◆ **Exercise prompt**:
Here are records with pictures in them. Copy all of them exactly and leave the pictures out.

Task input Block Start

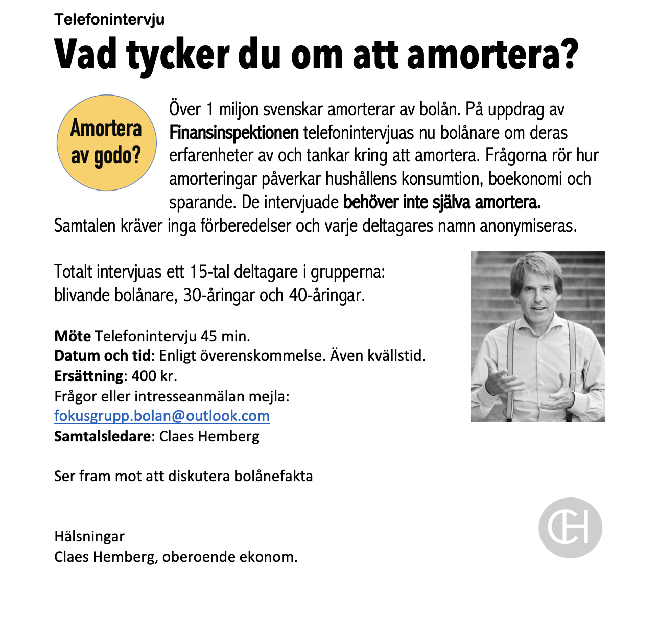 Nu vill jag telefonintervjua bolånare. Jag söker tre grupper: unga blivande bolånare, 30-åringar och 40-åringar. Över hela landet. Jag vill diskutera allt från behov, svårigheter, för- och nackdelar…
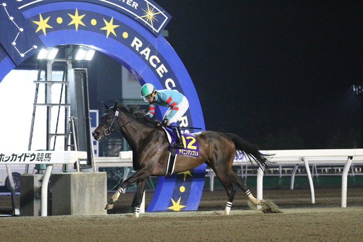 本日のメイン競走、農林水産大臣賞典 日刊スポーツ賞 第23回 北海道スプリントカップ(JpnⅢ)[ダート1,200m(外) 曇・稍重]が行われ、1番人気ヤマニンアンプリメ号が2着メイショウアイアン号に3馬身差をつけて優勝しました。(タイム:1.11.5)
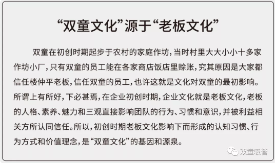 深究這其中的原因,都是大家對樓仲平的信任,從而對“雙童”的員工也產(chǎn)生了信任,最初的企業(yè)文化更多來(lái)源于老板文化。在企業(yè)初創(chuàng )時(shí)期,老板的人格、素養和魅力(三觀(guān))直接影響團隊的行為、習慣和意識,并被利益相關(guān)方所認同信任。所以,初創(chuàng )時(shí)期老板文化影響下而形成的認知習慣、行為方式和價(jià)值理念,是“雙童文化”的基因和源泉。
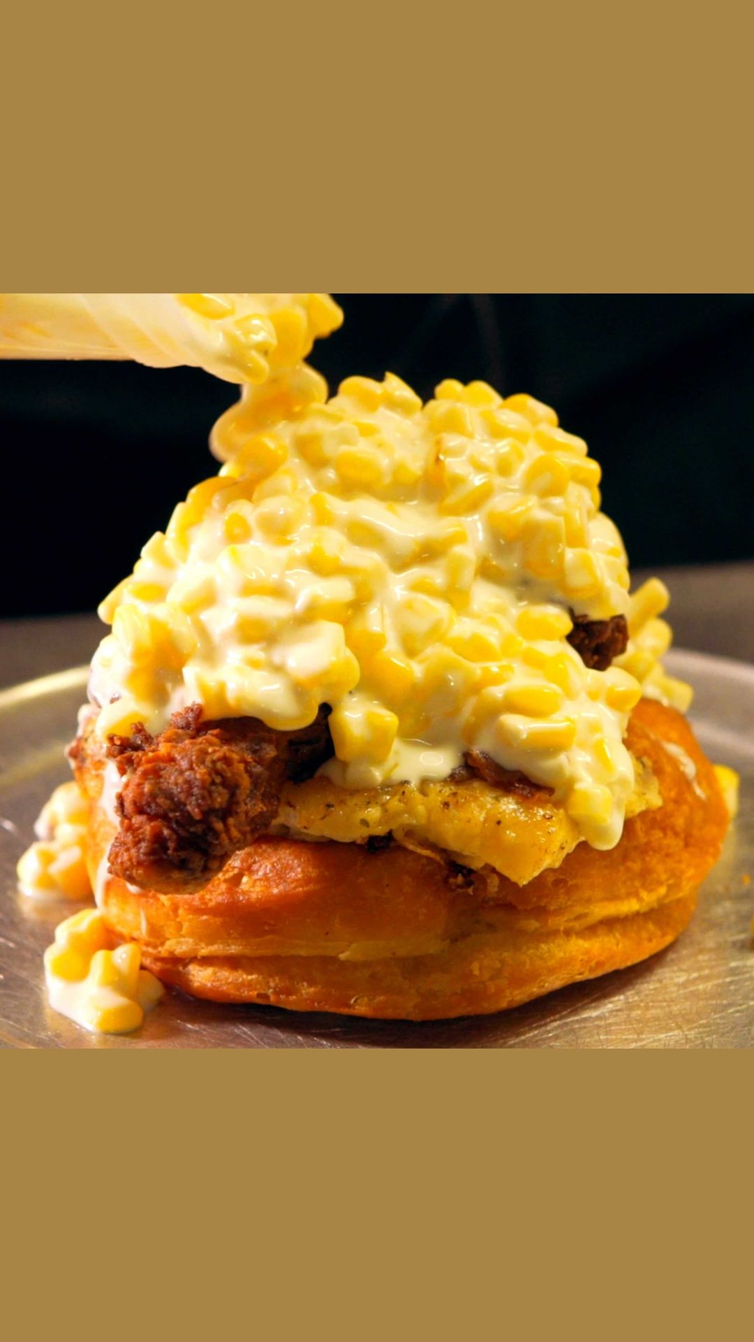 ドーナツにフライドチキンをドーンとのせた「チキン&ドーナツ」が甘じょっぱくて癖になると大人気✨
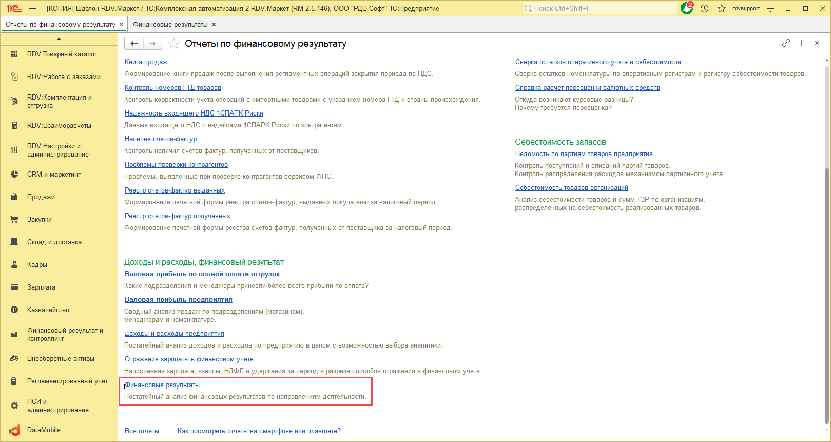 После выполнения регламентных операций по закрытию месяца следует проанализировать результаты деятельности. Для анализа результатов деятельности можем предложить следующие отчеты: Финансовый результат и контроллинг – Отчеты по финансовому результату.
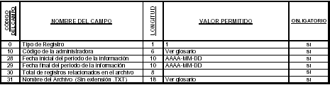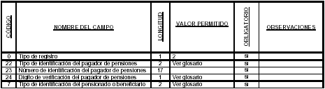 | Código del campo | Nombre del campo | Long itud | Valor permitido | Obligatorio |
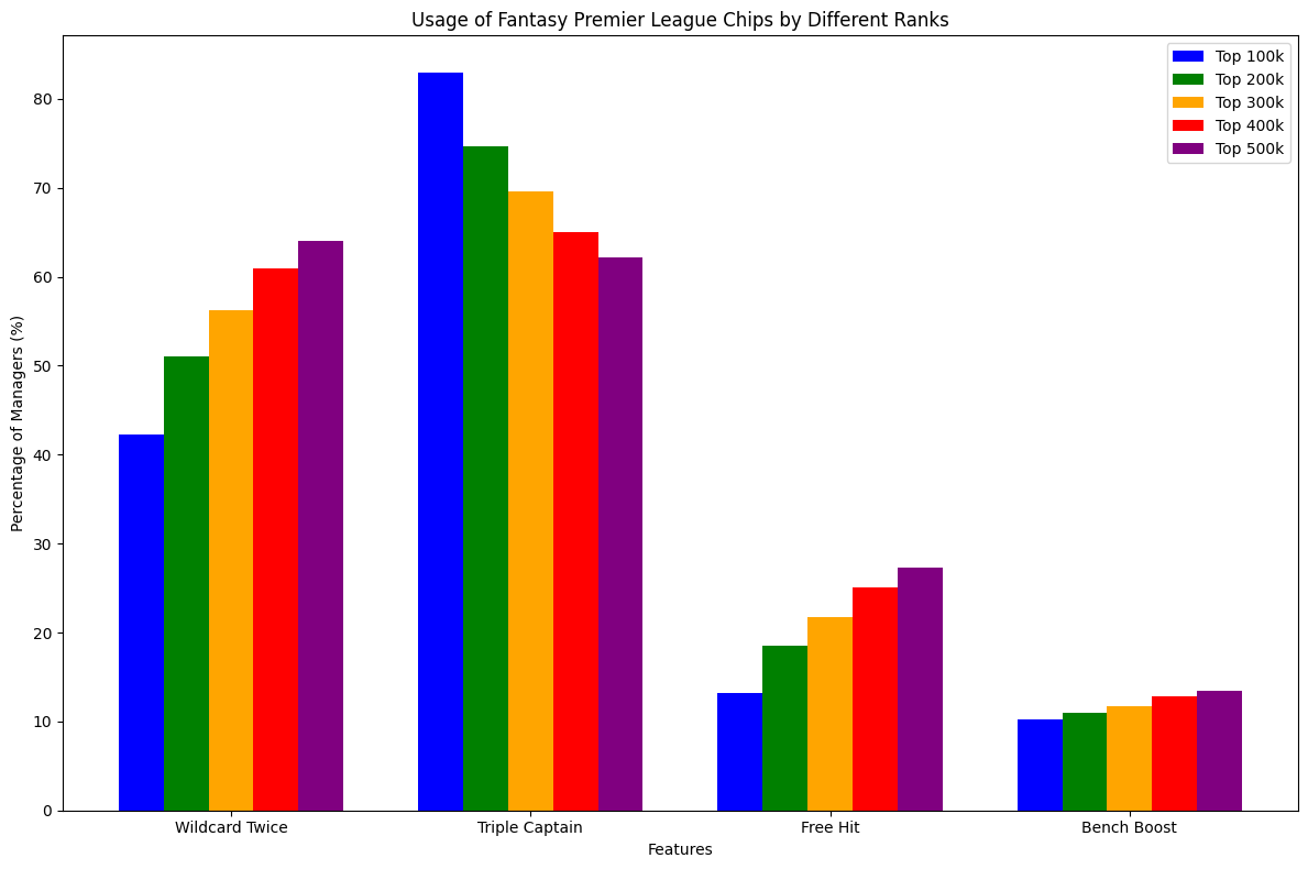 1. Видно закономерности от рейтинга и частоты использования чипов. Чем дальше от первых 100k тем выше процент менеджеров использовавших чип

Task input Block End

◆ **Exercise solution**:
 Nu vill jag telefonintervjua bolånare. Jag söker tre grupper: unga blivande bolånare, 30-åringar och 40-åringar. Över hela landet. Jag vill diskutera allt från behov, svårigheter, för- och nackdelar…
 本日のメイン競走、農林水産大臣賞典 日刊スポーツ賞 第23回 北海道スプリントカップ(JpnⅢ)[ダート1,200m(外) 曇・稍重]が行われ、1番人気ヤマニンアンプリメ号が2着メイショウアイアン号に3馬身差をつけて優勝しました。(タイム:1.11.5)
 深究這其中的原因,都是大家對樓仲平的信任,從而對“雙童”的員工也產(chǎn)生了信任,最初的企業(yè)文化更多來(lái)源于老板文化。在企業(yè)初創(chuàng )時(shí)期,老板的人格、素養和魅力(三觀(guān))直接影響團隊的行為、習慣和意識,并被利益相關(guān)方所認同信任。所以,初創(chuàng )時(shí)期老板文化影響下而形成的認知習慣、行為方式和價(jià)值理念,是“雙童文化”的基因和源泉。
 ドーナツにフライドチキンをドーンとのせた「チキン&ドーナツ」が甘じょっぱくて癖になると大人気✨
 После выполнения регламентных операций по закрытию месяца следует проанализировать результаты деятельности. Для анализа результатов деятельности можем предложить следующие отчеты: Финансовый результат и контроллинг – Отчеты по финансовому результату.
 | Código del campo | Nombre del campo | Long itud | Valor permitido | Obligatorio |
 1. Видно закономерности от рейтинга и частоты использования чипов. Чем дальше от первых 100k тем выше процент менеджеров использовавших чип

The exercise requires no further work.